EX: Hey, how are you? Still mad at the world?

ME: I really have a hard time recovering when I feel let down. It takes a while, especially when there is so much negativity in the office. I am hoping that this long weekend will cool me down and restore my faith and fervor in people.

EX: How did people let you down? What’s going on at work? Why is there so much negativity?

ME: It’s hard to explain the negative. It is much easier for me to say what it is I am looking for. I am looking for positive and dependable people around me. People who bring others up, not down. People who bring out the best, not the worst from others. People who are black and white, not grey. People who walk the talk and genuinely care, not people who are show and tell. I need people who can deposit, not just withdraw good from me. I can’t deal with pigs, rats, snakes, and leeches anymore. I am all sucked out, all withdrawn from already. I am mentally and emotionally bankcrupt. I’ve nothing more to give.

EX: Uh-oh. That bad, huh? Call you this weekend?

ME: I won’t be here this weekend. I will be going out of town with friends, sorry.

EX: Oh, ok. You take care. Don’t think too much. It might trigger your migraine and hypertension. Try to quickly go back to your happy and carefree ways.
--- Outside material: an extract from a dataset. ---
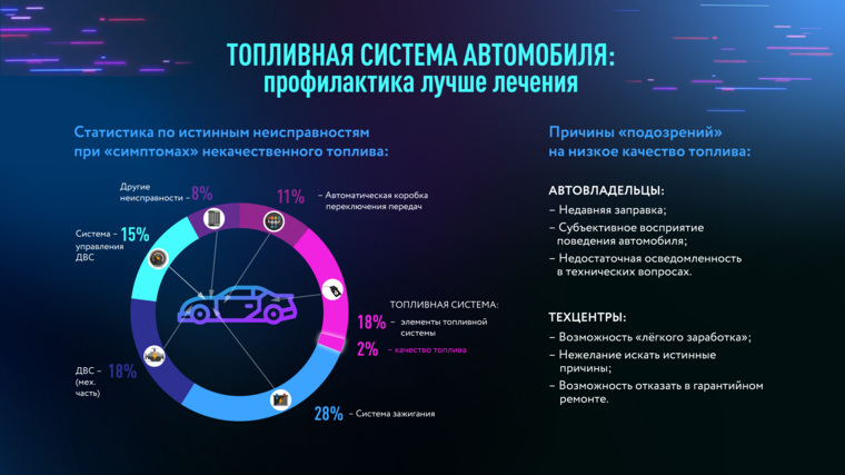 Здесь есть важный лайфхак: если вы подозреваете, что попали в такую ситуацию, — посмотрите по сторонам. На крупной заправке за час заливаются сотни автомобилей — если проблема только у вас, искать ее причины стоит не в топливе, а под капотом собственного авто. Как уточняет Виталий Лисин, по статистике СибАДИ из всех неполадок, демонстрирующих симптоматику некачественного бензина или дизеля, только 2% на самом деле связаны с топливом на последней заправке. В остальных случаях истинной причиной могут быть факторы от сбоя в электронике до накопившегося естественного атмосферного конденсата при нерегулярном обслуживании топливной системы и езде на полупустом баке.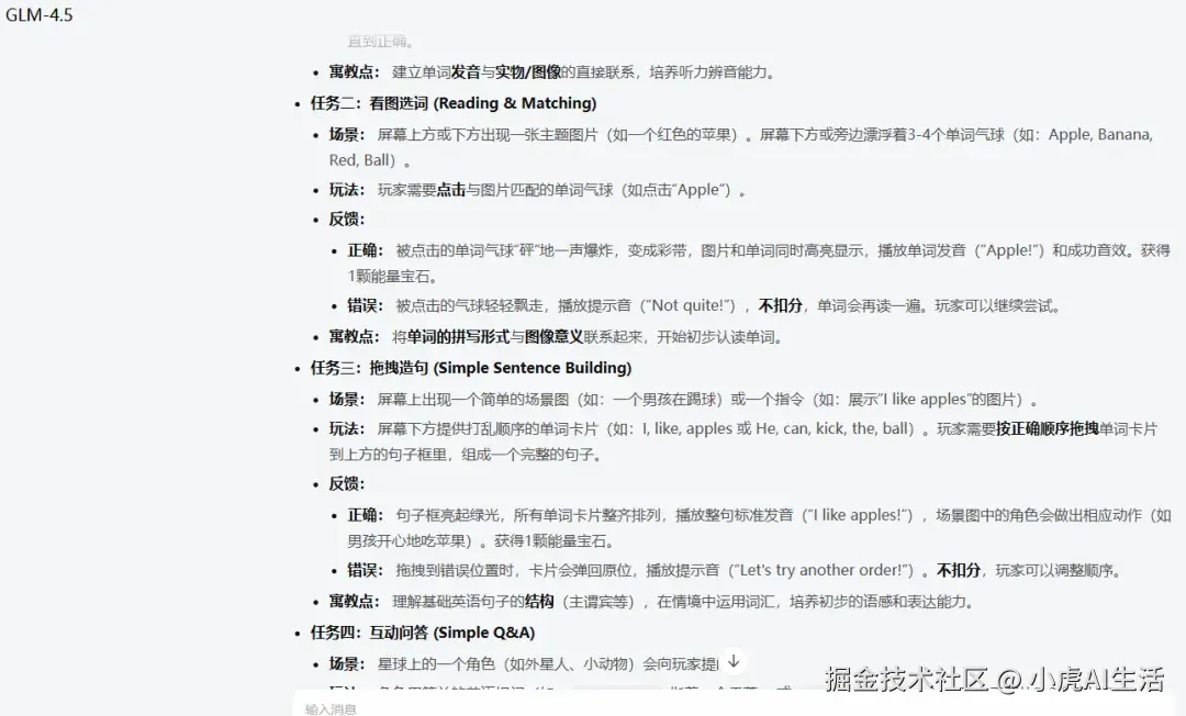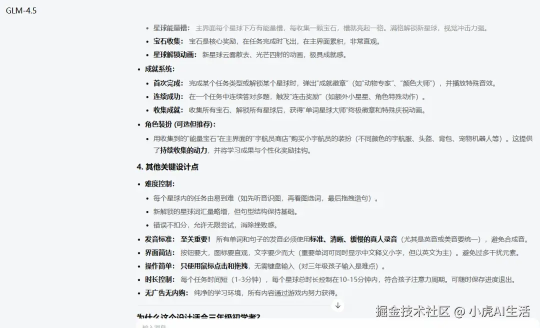AI的反馈快得惊人,几秒钟后,一个名为“星际单词探险家”(Word Explorer in Space)的游戏方案就出炉了。

I didn’t spend the weekend out of town with friends, I spent the weekend alone – productively, peacefully, happily. Chores and errands in the morning, blogging at night. I came across blogs that gave me the answer. Or, to be more precise, blogs that made me admit what is wrong: after almost 2 years, I am still seething mad at my EX.

Why? I’ve avoided thinking about why. I’ve avoided writing why. Maybe I should. After all, that’s why I started blogging - to write and, consequently, put things in perspective. So write about it in coming days I will.


COMMENTS

torchic44 said...
I was going to ask "why are you mad at your Ex?" but I guess that answer will come in soon enough. Blogging is just writing. Using to vent and get out all of the stuff that is troubling you. All of that perspective and perhaps it could be some type of relief or even closure.
September 6, 2010 10:56 PM

 SAM said...
:-D Yes, the answer will come. In installments I'm afraid though. It's a long, "complicated" story. Something that I've not really thought through. Or should I say, something that I didn't want to think through. Also, finally found your blog :-) Have a great week!